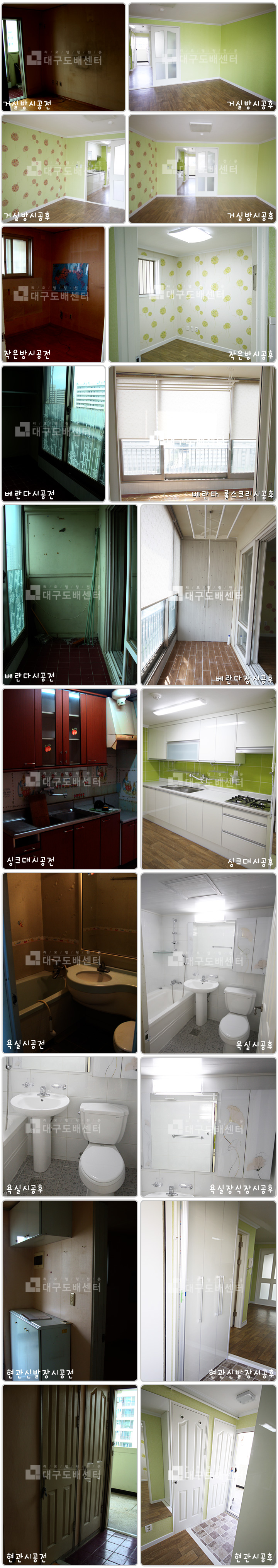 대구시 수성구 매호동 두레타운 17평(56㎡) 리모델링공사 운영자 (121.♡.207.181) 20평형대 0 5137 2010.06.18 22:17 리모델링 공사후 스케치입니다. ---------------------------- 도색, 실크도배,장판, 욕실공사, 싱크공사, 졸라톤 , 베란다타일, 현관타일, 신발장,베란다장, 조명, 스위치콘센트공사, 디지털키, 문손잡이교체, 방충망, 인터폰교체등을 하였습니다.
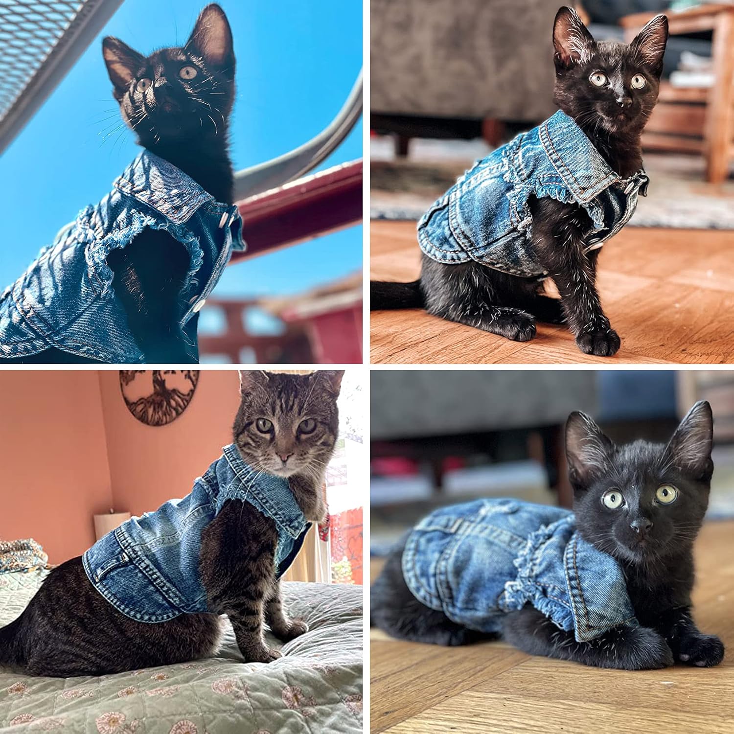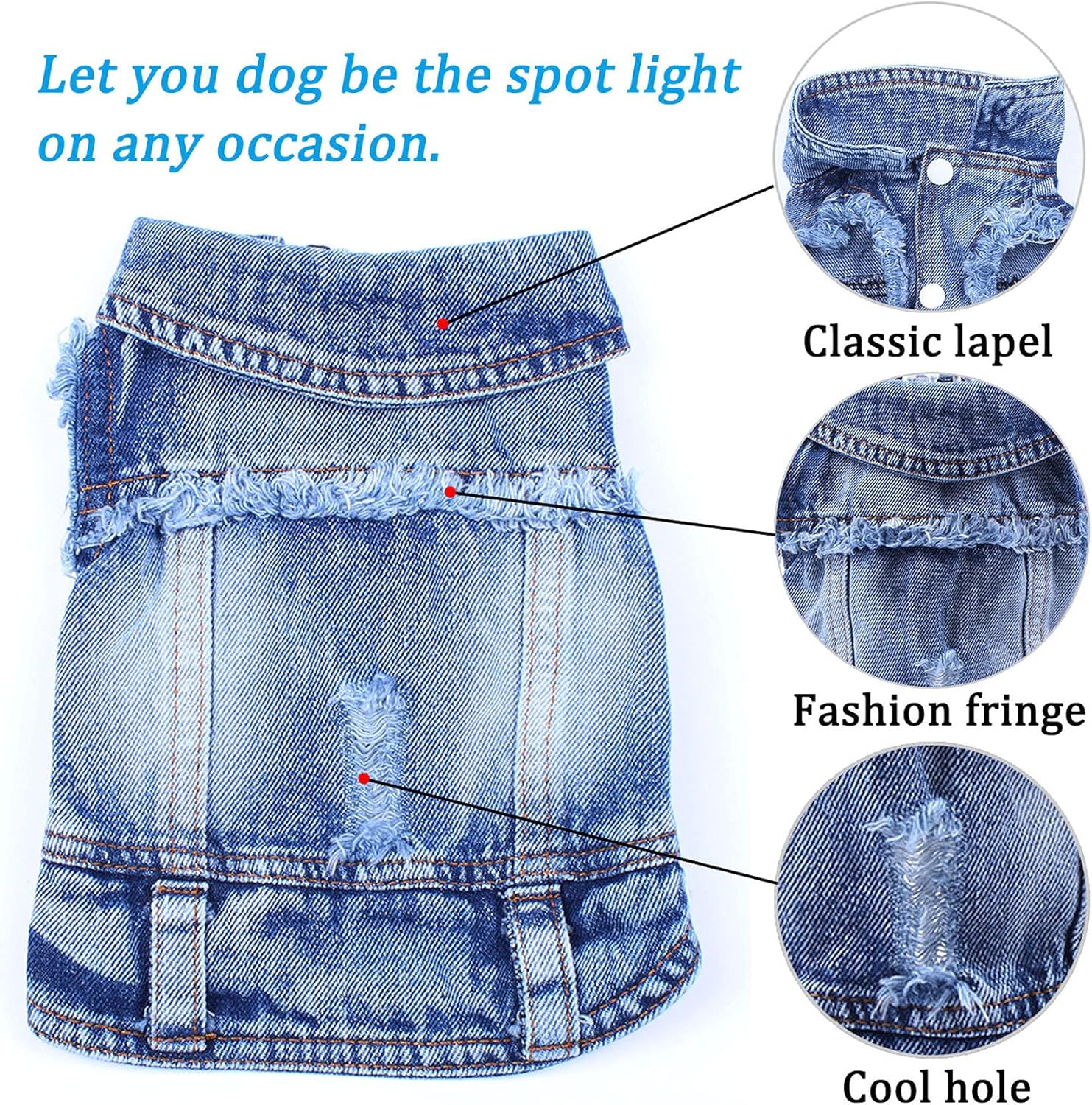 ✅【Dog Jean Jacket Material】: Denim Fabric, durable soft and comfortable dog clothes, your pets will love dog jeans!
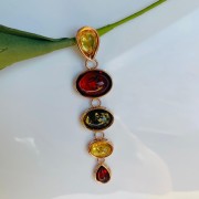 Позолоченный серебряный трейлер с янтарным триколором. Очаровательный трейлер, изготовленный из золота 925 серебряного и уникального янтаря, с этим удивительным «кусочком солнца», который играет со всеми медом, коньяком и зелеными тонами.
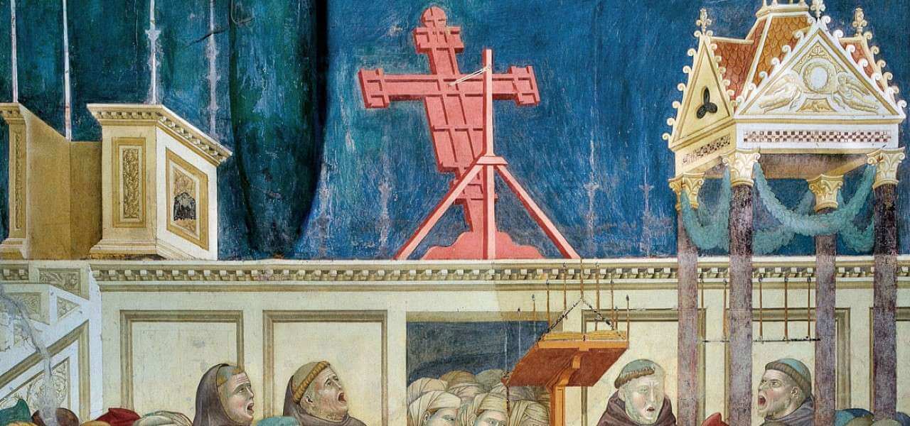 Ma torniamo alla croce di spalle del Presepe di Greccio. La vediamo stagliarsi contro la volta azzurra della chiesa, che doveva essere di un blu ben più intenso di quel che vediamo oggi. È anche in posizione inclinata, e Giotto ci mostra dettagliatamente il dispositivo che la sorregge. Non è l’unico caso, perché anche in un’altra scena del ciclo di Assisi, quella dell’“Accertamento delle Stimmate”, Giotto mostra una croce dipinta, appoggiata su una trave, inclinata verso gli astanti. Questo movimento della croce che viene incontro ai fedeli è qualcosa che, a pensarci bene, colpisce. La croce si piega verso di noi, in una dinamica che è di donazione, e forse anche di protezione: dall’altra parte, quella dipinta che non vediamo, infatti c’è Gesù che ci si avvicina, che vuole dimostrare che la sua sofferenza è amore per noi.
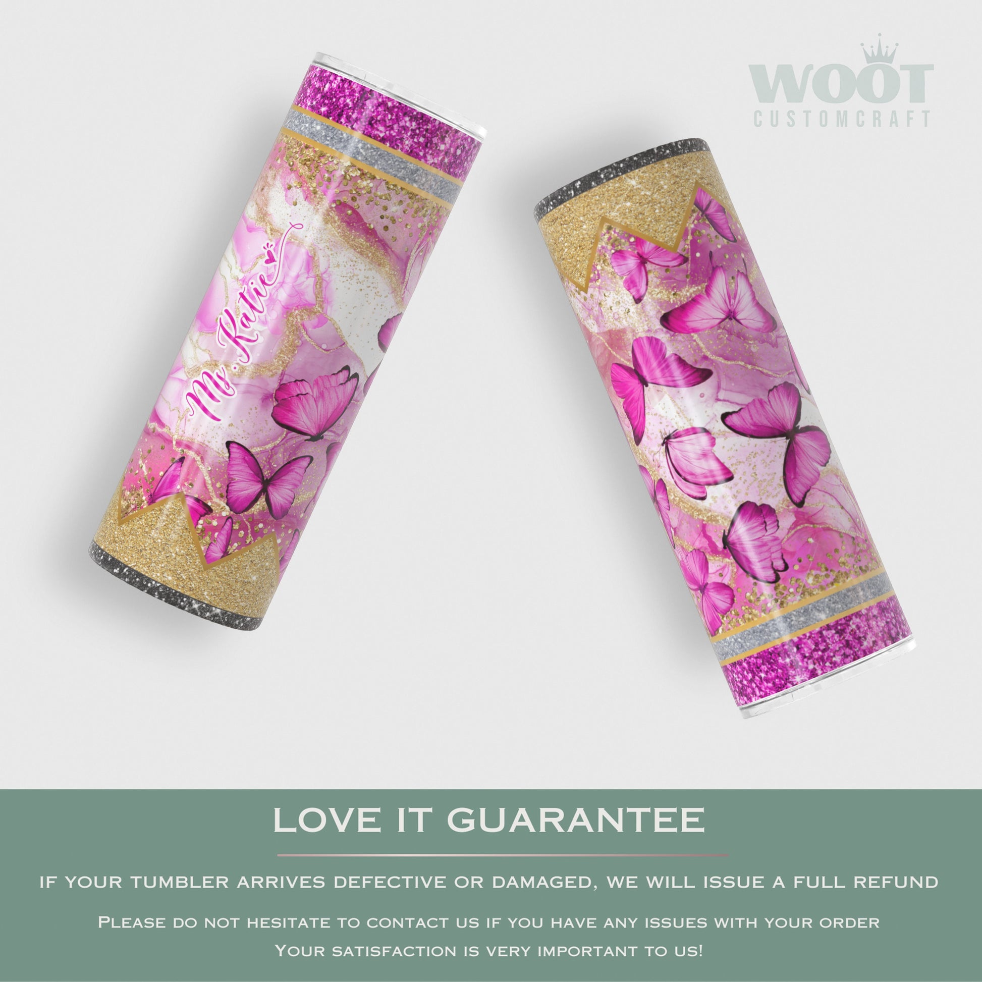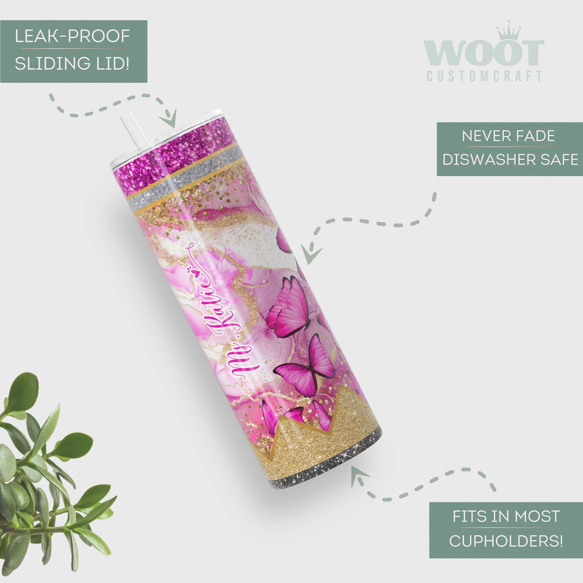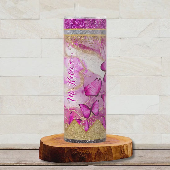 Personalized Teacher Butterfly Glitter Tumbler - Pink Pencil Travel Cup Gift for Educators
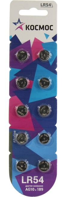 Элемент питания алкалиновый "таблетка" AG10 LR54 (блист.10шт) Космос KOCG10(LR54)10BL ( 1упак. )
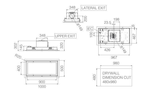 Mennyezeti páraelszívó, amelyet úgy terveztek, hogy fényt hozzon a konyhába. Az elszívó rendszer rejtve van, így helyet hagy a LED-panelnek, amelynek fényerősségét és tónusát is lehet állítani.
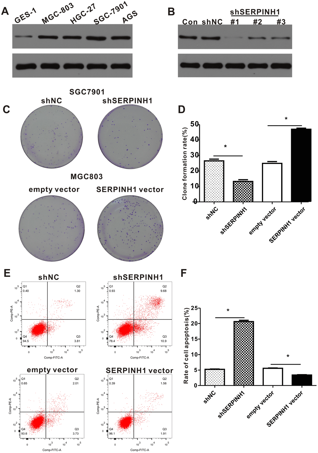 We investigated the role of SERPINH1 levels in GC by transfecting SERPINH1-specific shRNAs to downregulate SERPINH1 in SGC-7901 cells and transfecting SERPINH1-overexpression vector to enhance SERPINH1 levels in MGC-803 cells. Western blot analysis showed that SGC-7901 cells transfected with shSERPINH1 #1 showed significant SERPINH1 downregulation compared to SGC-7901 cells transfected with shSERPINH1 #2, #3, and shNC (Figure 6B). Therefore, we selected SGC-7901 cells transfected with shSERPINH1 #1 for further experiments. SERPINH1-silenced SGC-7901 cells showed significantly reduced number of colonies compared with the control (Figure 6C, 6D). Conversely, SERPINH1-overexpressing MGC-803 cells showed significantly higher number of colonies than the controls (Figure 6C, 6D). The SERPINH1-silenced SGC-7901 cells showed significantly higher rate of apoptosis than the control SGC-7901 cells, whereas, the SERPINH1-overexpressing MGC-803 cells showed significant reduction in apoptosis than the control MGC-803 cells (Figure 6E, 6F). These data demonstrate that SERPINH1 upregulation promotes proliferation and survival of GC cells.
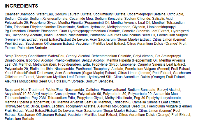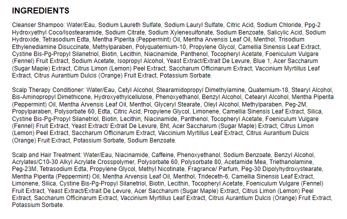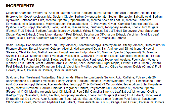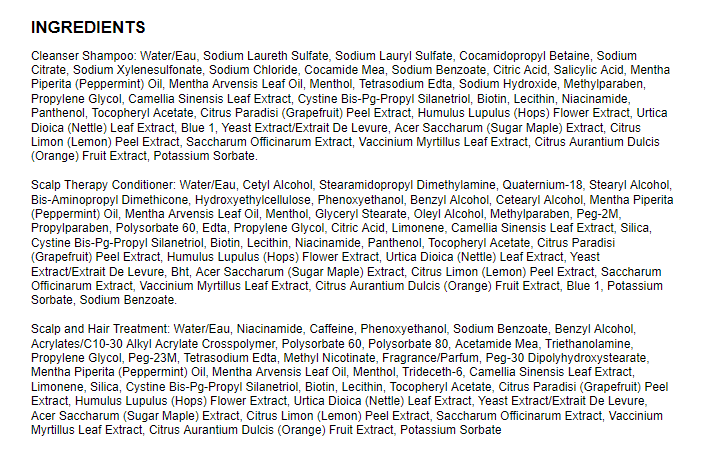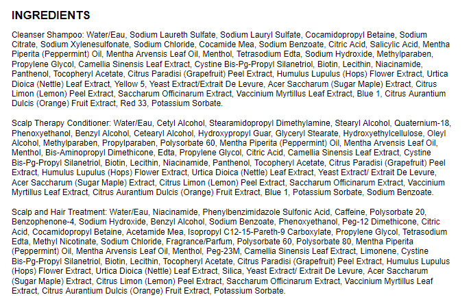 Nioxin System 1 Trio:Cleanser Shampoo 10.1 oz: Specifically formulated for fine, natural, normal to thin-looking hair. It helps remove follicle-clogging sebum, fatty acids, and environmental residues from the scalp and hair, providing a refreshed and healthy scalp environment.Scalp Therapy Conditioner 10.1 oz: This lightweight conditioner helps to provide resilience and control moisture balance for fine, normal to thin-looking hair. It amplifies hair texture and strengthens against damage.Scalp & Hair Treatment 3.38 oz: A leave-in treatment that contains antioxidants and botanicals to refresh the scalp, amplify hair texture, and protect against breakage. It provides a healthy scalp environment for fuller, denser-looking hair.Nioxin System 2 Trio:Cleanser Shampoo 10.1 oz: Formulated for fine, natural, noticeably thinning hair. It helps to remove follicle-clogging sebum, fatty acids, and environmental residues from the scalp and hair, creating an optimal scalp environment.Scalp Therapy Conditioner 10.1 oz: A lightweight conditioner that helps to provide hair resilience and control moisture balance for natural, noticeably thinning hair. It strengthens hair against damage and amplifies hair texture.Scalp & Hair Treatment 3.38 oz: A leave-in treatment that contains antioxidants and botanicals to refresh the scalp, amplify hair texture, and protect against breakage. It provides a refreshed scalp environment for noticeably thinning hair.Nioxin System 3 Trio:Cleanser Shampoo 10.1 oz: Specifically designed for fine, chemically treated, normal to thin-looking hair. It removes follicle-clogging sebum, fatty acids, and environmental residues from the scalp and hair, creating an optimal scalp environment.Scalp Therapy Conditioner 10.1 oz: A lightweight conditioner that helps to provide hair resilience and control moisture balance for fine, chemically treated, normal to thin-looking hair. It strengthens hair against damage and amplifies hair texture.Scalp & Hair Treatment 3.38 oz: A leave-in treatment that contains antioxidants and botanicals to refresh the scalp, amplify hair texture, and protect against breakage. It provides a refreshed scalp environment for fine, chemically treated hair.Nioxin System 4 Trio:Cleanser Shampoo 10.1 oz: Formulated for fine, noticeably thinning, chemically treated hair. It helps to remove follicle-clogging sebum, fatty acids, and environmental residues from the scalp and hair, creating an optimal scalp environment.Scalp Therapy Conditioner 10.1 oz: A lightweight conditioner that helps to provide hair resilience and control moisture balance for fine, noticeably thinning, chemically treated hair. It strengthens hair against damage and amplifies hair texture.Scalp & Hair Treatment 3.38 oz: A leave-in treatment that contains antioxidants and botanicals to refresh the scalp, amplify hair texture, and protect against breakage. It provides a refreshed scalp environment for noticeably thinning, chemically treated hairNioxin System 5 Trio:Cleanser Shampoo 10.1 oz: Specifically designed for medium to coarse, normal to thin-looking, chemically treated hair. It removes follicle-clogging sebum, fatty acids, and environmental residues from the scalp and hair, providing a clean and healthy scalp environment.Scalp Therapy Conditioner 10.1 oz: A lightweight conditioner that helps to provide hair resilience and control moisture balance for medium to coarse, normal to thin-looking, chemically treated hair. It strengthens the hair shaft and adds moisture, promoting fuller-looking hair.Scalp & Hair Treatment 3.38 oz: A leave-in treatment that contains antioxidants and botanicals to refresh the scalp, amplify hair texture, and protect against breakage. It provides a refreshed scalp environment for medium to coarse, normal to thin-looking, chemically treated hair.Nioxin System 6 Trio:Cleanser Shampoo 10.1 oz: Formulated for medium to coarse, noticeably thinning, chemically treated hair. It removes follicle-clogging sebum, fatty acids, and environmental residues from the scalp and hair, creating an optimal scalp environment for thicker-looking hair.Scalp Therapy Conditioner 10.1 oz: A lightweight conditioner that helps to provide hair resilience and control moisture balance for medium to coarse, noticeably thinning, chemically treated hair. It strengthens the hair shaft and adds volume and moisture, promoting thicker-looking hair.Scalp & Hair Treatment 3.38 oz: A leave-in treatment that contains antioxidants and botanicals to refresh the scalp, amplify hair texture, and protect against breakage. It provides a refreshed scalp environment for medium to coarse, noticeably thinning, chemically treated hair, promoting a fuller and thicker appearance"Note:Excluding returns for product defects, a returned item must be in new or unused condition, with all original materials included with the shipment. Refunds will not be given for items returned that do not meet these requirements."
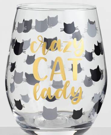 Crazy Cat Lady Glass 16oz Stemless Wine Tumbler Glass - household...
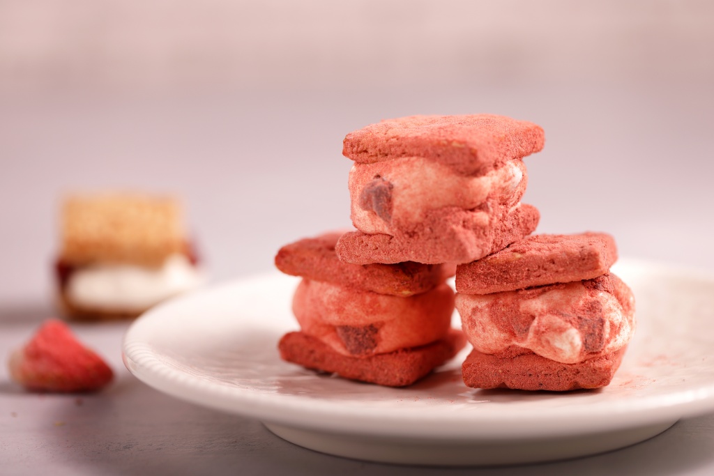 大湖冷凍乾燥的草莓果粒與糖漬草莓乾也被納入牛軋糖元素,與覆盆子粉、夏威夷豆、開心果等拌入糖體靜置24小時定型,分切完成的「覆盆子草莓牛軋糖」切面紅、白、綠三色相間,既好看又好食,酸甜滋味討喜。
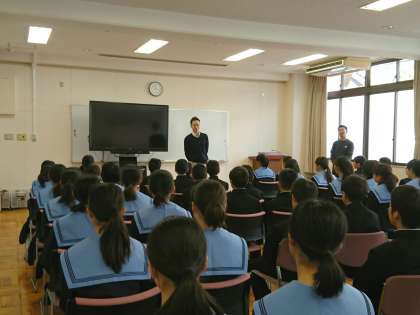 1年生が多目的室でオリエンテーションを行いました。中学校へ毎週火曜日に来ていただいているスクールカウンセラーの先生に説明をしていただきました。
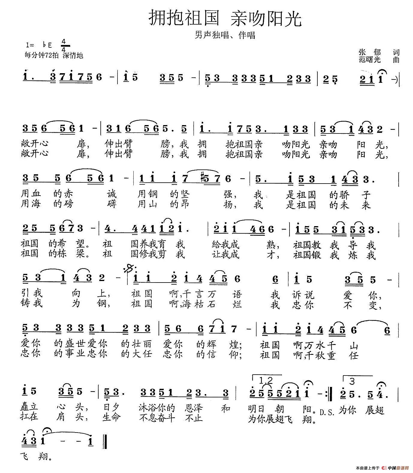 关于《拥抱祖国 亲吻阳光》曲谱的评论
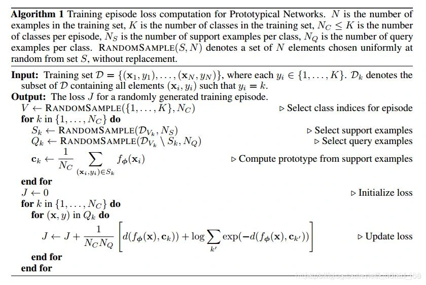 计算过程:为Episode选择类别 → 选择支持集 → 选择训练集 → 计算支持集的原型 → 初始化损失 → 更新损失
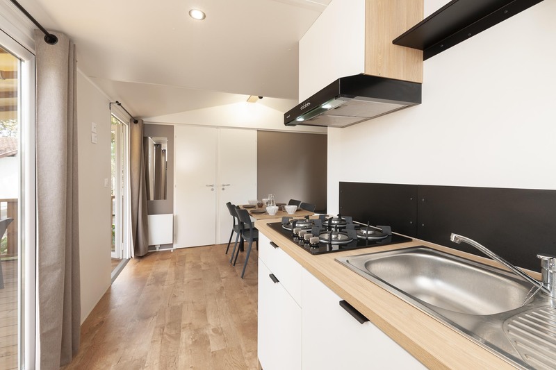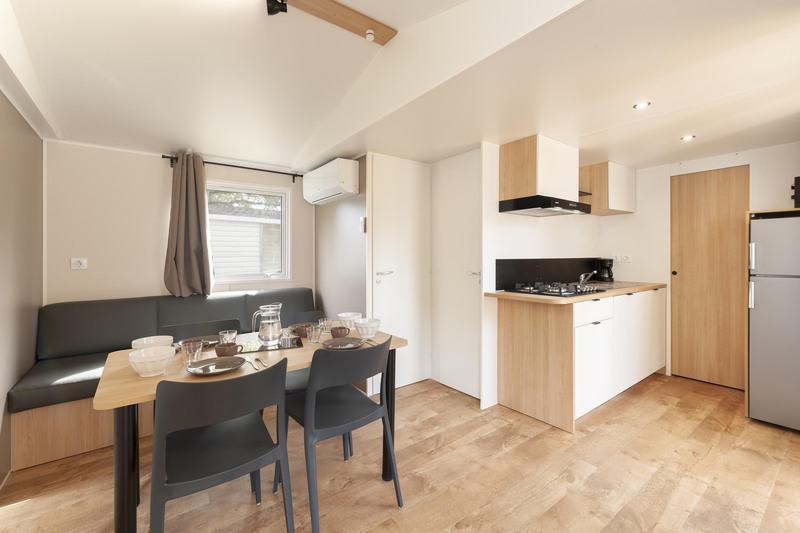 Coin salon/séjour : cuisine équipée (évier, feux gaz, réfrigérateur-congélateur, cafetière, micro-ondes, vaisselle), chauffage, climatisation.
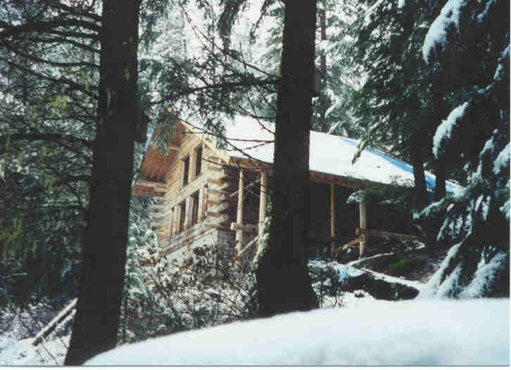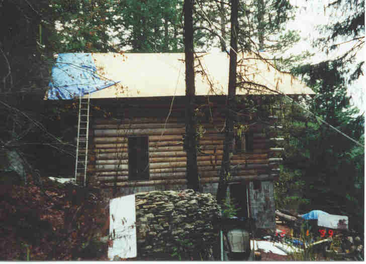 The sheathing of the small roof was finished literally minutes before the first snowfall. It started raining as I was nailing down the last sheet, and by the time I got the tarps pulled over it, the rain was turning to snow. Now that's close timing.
- - -
Each line above that falls between the line with "大湖冷凍乾燥的草莓果粒與糖漬" and the line with "计算过程:为Episode选择类别 → 选择支持集" should be printed exactly, together with those two lines, but the pictures should not.

 大湖冷凍乾燥的草莓果粒與糖漬草莓乾也被納入牛軋糖元素,與覆盆子粉、夏威夷豆、開心果等拌入糖體靜置24小時定型,分切完成的「覆盆子草莓牛軋糖」切面紅、白、綠三色相間,既好看又好食,酸甜滋味討喜。
 1年生が多目的室でオリエンテーションを行いました。中学校へ毎週火曜日に来ていただいているスクールカウンセラーの先生に説明をしていただきました。
 关于《拥抱祖国 亲吻阳光》曲谱的评论
 计算过程:为Episode选择类别 → 选择支持集 → 选择训练集 → 计算支持集的原型 → 初始化损失 → 更新损失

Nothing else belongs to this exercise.